In case you’ve forgotten, a recent announcement by the Louisiana League of Women Voters reminds that the organization that claims nonpartisanship nonetheless marches in lockstep with Democrats of the progressive stripe.

Last week, the group at its annual convention released a report noting that charter schools potentially sap education dollars from traditional public schools, calling for changes in charter school board composition and transparency, and wanting greater state stringency in regulating such schools. In effect, the increased, unneeded regulatory details that would follow would hamper the ability of these schools to operate as intended. This adheres to a liberal agenda of protecting the one-size-fits-all model of education that empowers special interests over children.
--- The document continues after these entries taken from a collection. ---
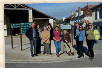
Mise en place d'une signalisation économique et touristique
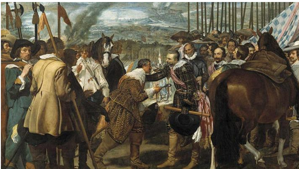
Imatge 5. Velázquez. La rendició de Breda . Museu Nacional del Prado, Madrid, 1630-1635. Imagen 5. Velázquez. La rendició de Breda . Museo Nacional del Prado, Madrid, 1630-1635.
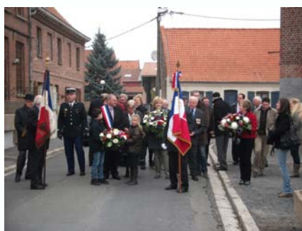
Départ du défilé

différentes générations sont capables de se rassembler, de se retrouver pour un hommage à ceux tombés pour la Patrie.
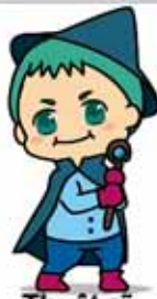
Thuật sĩ SHIN
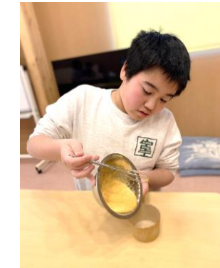
今月は米粉チーズ煎餅やケークサレなどに挑戦しました♪ 難しい工程もあったけど、美味しく出来上がりました 🍷
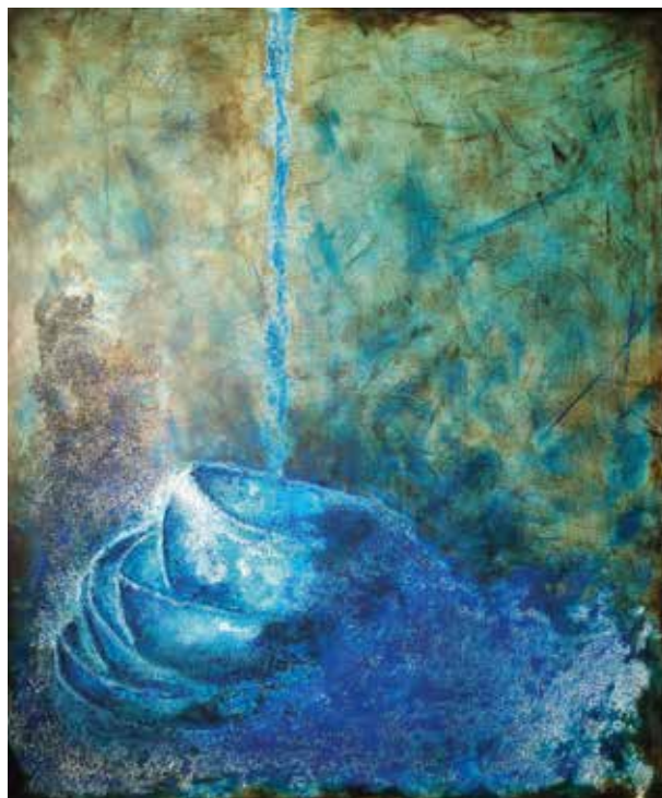
PILAR ESPEJO GUTIÉRREZ GOTA A GOTA Técnica mixta / lienzo | 100 x 120 cm
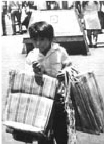
شکل ۲-۶ دست‌فروش خیابانی

مجبور نیستند باهوش باشند تا پول درآورند، فقط کافی است سازمان‌دهی شوند؛ اینکه آنها مجبور نیستند نابغه باشند تا فرصت‌ها را کشف کنند، فقط کافی است بی‌باک باشند.
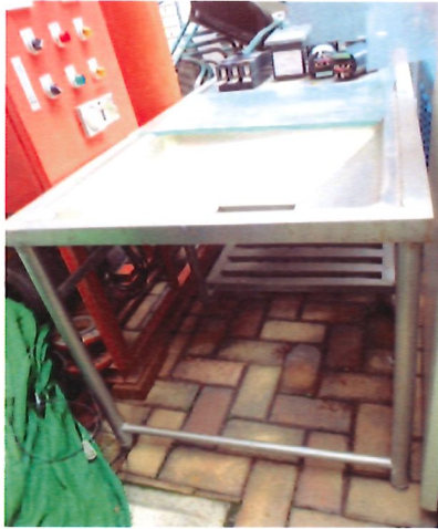
17. 洗手槽*3 個(現勘)
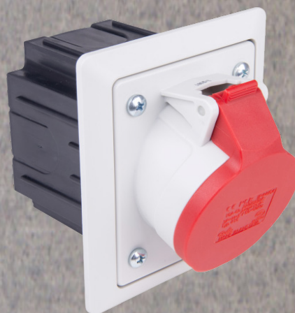
Gniazdo czerwone z puszką podtynkową i ramką 80 x 97mm, kołnierzyk jasnoszary, IP 44/54
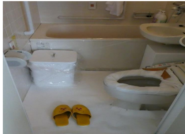
養生したトイレ周囲

Not that the study’s quality commends policy-makers to pursue such recommendations. Both the organization that represents the state’s charter schools and the state Department of Education panned the effort, each observing it to relay numerous corrections to the drafters of an early version and subsequently received no feedback. The report’s lead author herself has spoken often and publicly against the concept.

Neither should this kind of issue preference surprise. The LWV, at both the national and state levels, has a long history or aligning itself with the political left. The state organization almost half a century ago argued for the moribund Equal Right Amendment, and over a quarter-century ago its president, who ran an abortion mill, publicly opposed strict state regulations of abortion.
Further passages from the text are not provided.